Option 1 (Denormalization):
Posts: {
post_1: {
title: "hello",
body: "hi there!",
uid: "user_1",
comments: {
comment_1: {
body: "hi I commented",
uid: "user_2",
},
comment_2: {
body: "bye I commented",
uid: "user_2",
},
}
}
}
Users: {
user_1: {
uid: "user_1",
post_1: {
title: "hello",
body: "hi there!",
uid: "user_1",
comments: {
comment_1: {
body: "hi I commented",
uid: "user_2",
},
comment_2: {
body: "bye I commented",
uid: "user_2",
},
}
}
}
}
Option 2 (Indexing):
Posts: {
post_1: {
title: "hello",
body: "hi there!",
uid: "user_1",
authorName: "Richard",
comments: {
comment_1: true,
comment_2: true
}
}
}
Users: {
user_1: {
uid: "user_1",
displayName: "Richard",
email: "richard@gmail.com",
posts: {
post_1: true
},
comments: {
comment_1: true,
comment_2: true
}
}
}
Comments: {
comment_1: {
body: "hi I commented",
uid: "user_1",
},
comment_2: {
body: "bye I commented",
uid: "user_1",
},
}
I think I should prefer option 2.
The main problem that I see with option 1 is that there are too many sources for one data. Let's say I want to extend the app so each post belongs to a certain category or tag. Then, I will have to write a post
object under /categories/category_id
in addition to /posts
and /users/uid
. When the post gets updated, I have to remember to modify the post
object in three different places.
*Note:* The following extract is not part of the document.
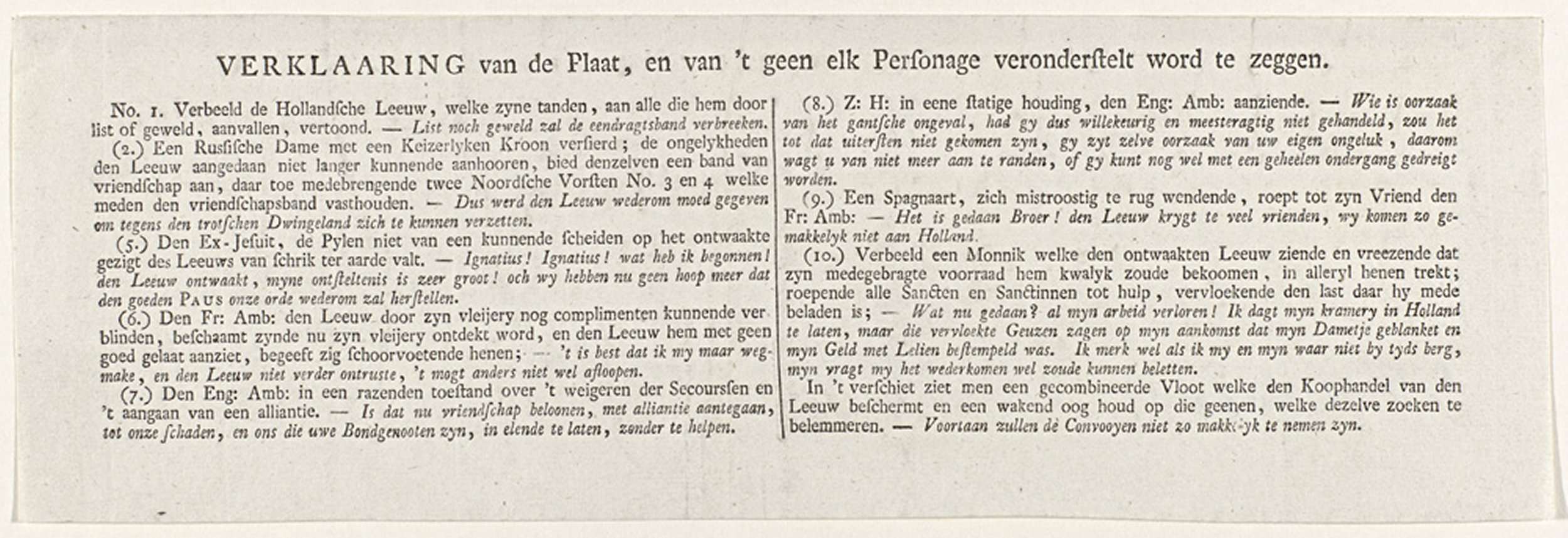 Tekstblad met een verklaring van de voorstelling van de spotprent: De Nederlandse Leeuw voorheen door list en geweld aangevallen is nu ontwaakt. Spotprent op de politieke gebeurtenissen in het jaar 1780. Tekst in twee kolommen met verklaring van de cijfers 1-10.

If I go with option 2, I don't have this problem because there's only one source for data.
Am I missing anything?
References:
The second option is better because otherwise you would be forcing the user to download all the comments and posts (that can be a lot).
You can check in the documentation here.
And you can handle the duplication doing atomic writes across multiple locations.